Sunday, July 21, 2024

Photo-sharing poses concerns

What do you get when crossing social media apps Snapchat and Yik Yak? It’s called Fade, the new app that’s sweeping across Plattsburgh State.

Fade is becoming a trending interest just a few weeks after Yik Yak was the talk of the town. At first, the photo-sharing app required 500 students to sign up before being opened to the entire campus. Like Snapchat, Fade gives all its users the freedom to put up any pictures they want for 24 hours. In relation to Yik Yak, Fade uses many similar elements: interface, anonymous postings and a rating feature.

But what makes Fade unique is its countdown system. After uploading a picture to the app, a countdown of 24 hours begins. Doesn’t sound too unique yet, but that countdown can change depending on how many likes or dislikes a photo receives. Every like tacks on an extra hour while every dislike loses one. After the timers expire, these pictures — hence its name — fade away and are supposedly never seen again.

The app is light-hearted amusement. You can create an anonymous or real account, and the app records your personal number of posts along with the total number of likes received from sharing pictures. The pictures I’ve seen so far are ridiculous, naughty, extreme or all of the above. Once scrolled to the right of the app, you face a list of pictures titled “Hall of Fades.” In this list are trending pictures from other schools that won’t fade anytime soon. A lot of them have a remaining countdown of over 1,000 hours.
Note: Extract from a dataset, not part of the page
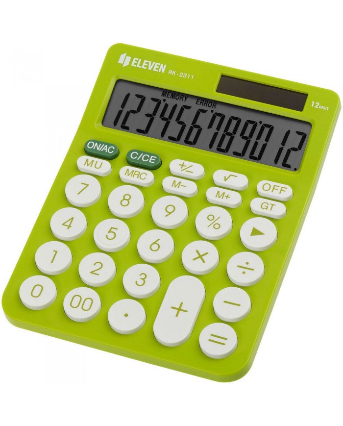 12-ти разрядный настольный калькулятор Eleven RK-2311-GN предназначен для выполнения арифметических операций. Размер калькулятора – 143*192*26 мм, вес – 188,6 г, цвет – салатовый. Незаменимый помощник в офисе, школе и дома. Оптимальный набор функций поможет автоматизировать расчёты: коррекция последнего введенного значения, расчёт наценки, кнопка «00», функция итогового суммирования. Двойное питание (солнечная батарея + батарея LR1130) и автоматическое отключение увеличивают срок службы. Упакован в картонную коробку. Гарантия – 5 лет.
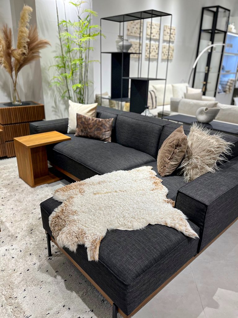 ソファのアイアン脚や、黒のガラス天板が、

One photo I noticed reaching as long as 6,000 hours, or 250 days. So far two pictures from Plattsburgh State have made the Hall of Fades list. One of the pictures shows a female displaying her bare, light-skinned bottom with the caption “Congrats to unlocking fade.” The other picture I saw shows a guy in Feinberg Library using a computer with nudity displayed on the screen in Feinberg library with the caption “Studying the human body?” That’s true in a technical sense.

While Fade is a fun 16-megabyte addition to our social lives, it can become a digital dilemma due to its provocative nature. Recently, thousands of pictures were leaked from using Snapchat, resulting in the exposure of many underage minors. To be clear, Snapchat didn’t get hacked. It was through the use of a third-party client called The website allowed anyone to save Snapchats.

Not only that, Snapchat itself implied a storage of Snapchats. Snapchat stated online, “We can confirm that Snapchat’s servers were never breached and were not the source of these leaks…” This implies that every snap is kept in storage. Fade is probably keeping storage as well. Pictures may fade, but those bytes go somewhere and many third-party apps will try to take advantage one way or another.

Fade can be a place for blackmail, gossip and cyber-bullying. Pictures serve as memories of all kinds — including unwanted ones. This can cause major problems for anyone. It only takes seconds to whip out your phone, take pictures and upload them. Apparently we can all have paparazzi following us.

Fade is a pretty amusing app far better than Yik Yak, which already lost my interest. It seems the purpose of the app is to showcase and bring everyone closer through every waking moment, which I think is pretty awesome. If crazy moments were made over the weekend, they’ll probably be seen on Fade.